Quick Stint of a Winter's Morning

Uprooted five or six more bushes during a quick visit this morning. Man, it's hard work. You see five or six stumps coming out of the ground, all within a foot of each other, and there's no way of telling if that's one plant or five or six. This fruit bush job was just a little something I did to pass the time whilst the Storm Desmond flood waters receded, and here I am, maybe ten hours into it, still not done. But this morning I counted up 13 more bushes, or thereabouts, to go, so that's another 2-3 hours, I can do them in one visit.
Speaking of the waters receding, I think they have as much as they're going to. This is how things looked on Saturday, - that's the hole-in-the-north-east-bed, (I can't call it a pond, yet, with its vertical sides) - and it's gone down a couple of inches since then. When I was digging it out, I noticed that within an inch of its top surface, the boulder clay was dry and powdery, so it must be pretty impervious to water. The top of the subsoil is where you can see a slightly shallower area in the foreground of the photo. Which means that all my puddling plans are meaningless, water just isn't going anywhere but through evaporation. Which is good news for the pond if not for the drainage. If you want a pond in this part of Glasgow, ffs, just dig a hole. 
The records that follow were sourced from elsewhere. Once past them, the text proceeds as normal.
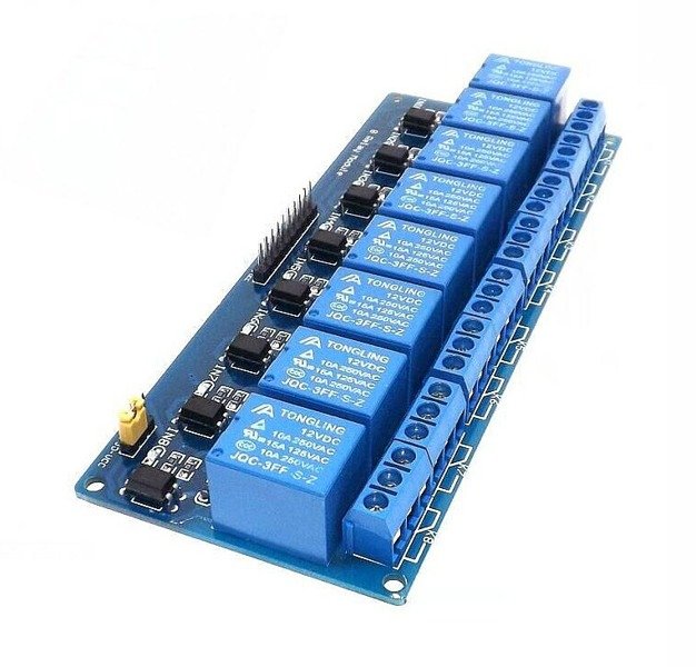 8-канальний модуль реле, який можна керувати мікроконтролером, наприклад Arduino. Модуль був оснащений світлодіодами, які сигналізують про роботу окремого реле.
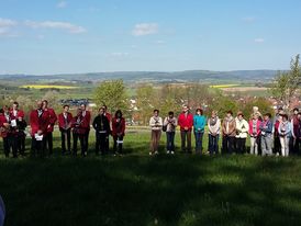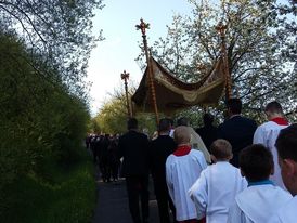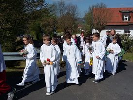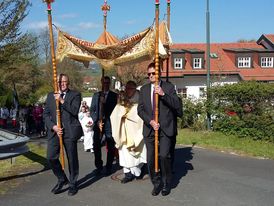 Die Kalbachtaler, die bereits den Gottesdienst musikalisch gestaltet hatten, begleiteten im Anschluss zusammen mit den diesjährigen Kommunionkindern und den teilnehmenden Gemeindemitgliedern die Heilige Eucharistie in einer Prozession durch die „Flur“ zur Pflanzenröde. Nach einer kurzen Andacht dort am Bildstock mit Fürbitten für die Bewahrung der Schöpfung, die Früchte des Feldes sowie Frieden und Arbeit spendete Pfarrer Axt den Eucharistischen Segen. Neben diesem Segen haben das üppig frische Grün, die erblühte Natur und die beeindruckende Aussicht auf das Kalbachtal dazu bei getragen, dass ich gestärkt nach Hause gehen konnte.
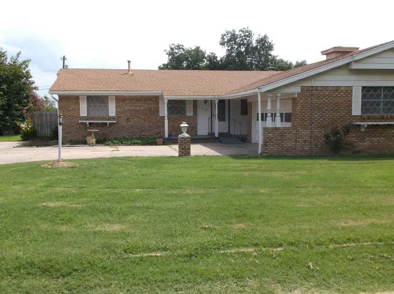 3 bed 2 bath brick house with central heat and air, an open porch, and a fire place.
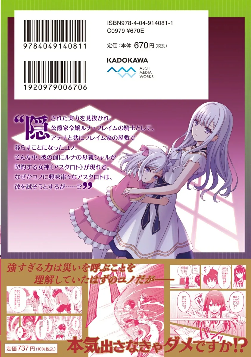 Юно, чьи скрытые способности были обнаружены, теперь живет в особняке семьи Флейм с Афиной в качестве рыцаря дочери герцога, Луны Флейм. Тем временем перед ним появляется Астарот, богиня, с которой мать Луны, Шал, заключила контракт. По какой-то причине Астарот очень заинтересована в Юно и пытается испытать его...!? Второй том этой классической школьной фэнтезийной серии о непостижимой силе!
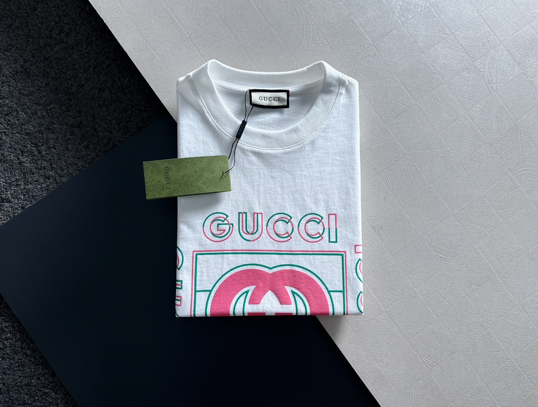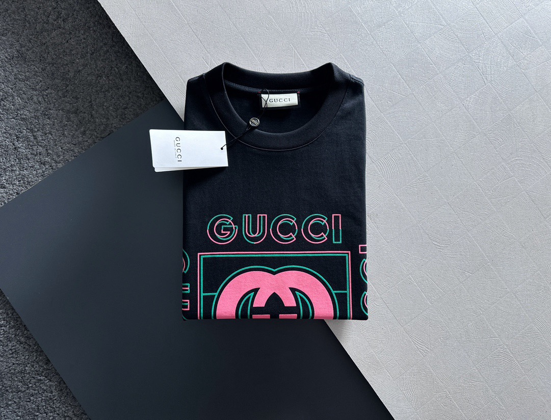 GUCCI/古奇 25ss夏季新款圆领短袖T恤!240克重磅高端纯棉面料,手感质感都极完美!修身裁剪设计干净利落!时尚又好看!走线做工非常精致!版型效果超赞!而且透气性能超强!任何年龄阶段都可轻松驾驭,男士衣橱里必备的单品。
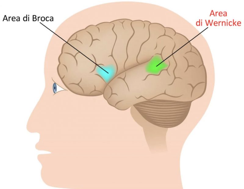 Medico. Le due aree su cui è stato possibile osservare questi cambiamenti sono oggi conosciute come area di Wernicke ed area di Broca. Rispettivamente preposte alla ricezione ed analisi uditiva ed alla organizzazione del linguaggio, Maffei ci spiega che entrambe le aree sono individuabili nell’emisfero sinistro del nostro cranio, dove risiede la stessa capacità del pensiero. È allora possibile immaginare come lo sviluppo di queste due aree abbia determinato un cambiamento non solo nella capacità comunicativa, ma anche nell’abilita del ragionamento e dell’elaborazione del pensiero: la comunicazione attraverso gesti permette un’informazione visiva immediata e diretta, ma non richiedendo una elaborazione dei contenuti comunicati, non permette un’interpretazione linguistica di tali contenuti e, soprattutto, una successiva organizzazione, attraverso le parole, di una narrazione propria di senso compiuto.
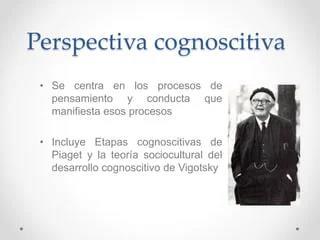 Perspectiva Constructivista: Esta perspectiva se centra en el papel activo del estudiante en la construcción de su propio conocimiento. Se enfoca en la interacción entre el estudiante y su entorno, fomentando el aprendizaje significativo y la resolución de problemas.
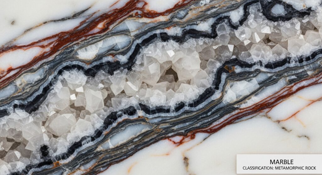 عندما تعرّض الحجر الجيري لحرارة شديدة وضغط قوي داخل الأرض، تغيّرت مكوناته، وأصبح أكثر صلابة ولمعانًا، فتحوّل إلى رخام.
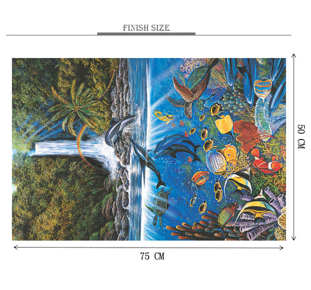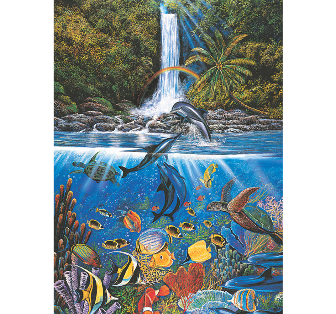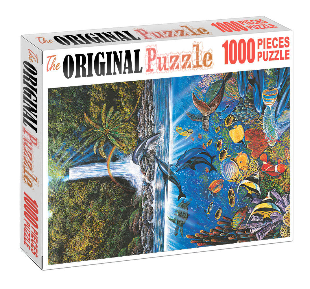 Jungle Dolphin 1000 piece wooden jigsaw puzzle is a fun illustration of sea animals in the jungle swimming with a beautiful waterfall behind them.

And I can't believe my luck in digging that hole just when I did, before the rain got really heavy with Desmond. It's holding maybe 3 cubic metres of water, all which would have just been lying on and in the topsoil other wise. 

Jobs as I see them now are:

  • finish fruit bushes,
  • dig out and re-lay path
  • move all spoil from NE to NW bed
  • go back to Old Greenhouse/Midden area
  • excavate and shape pond
  • hang gate
  • mend fence by gate
  • tidy out and repair shed
  • level southern end
Then I can actually start cultivation...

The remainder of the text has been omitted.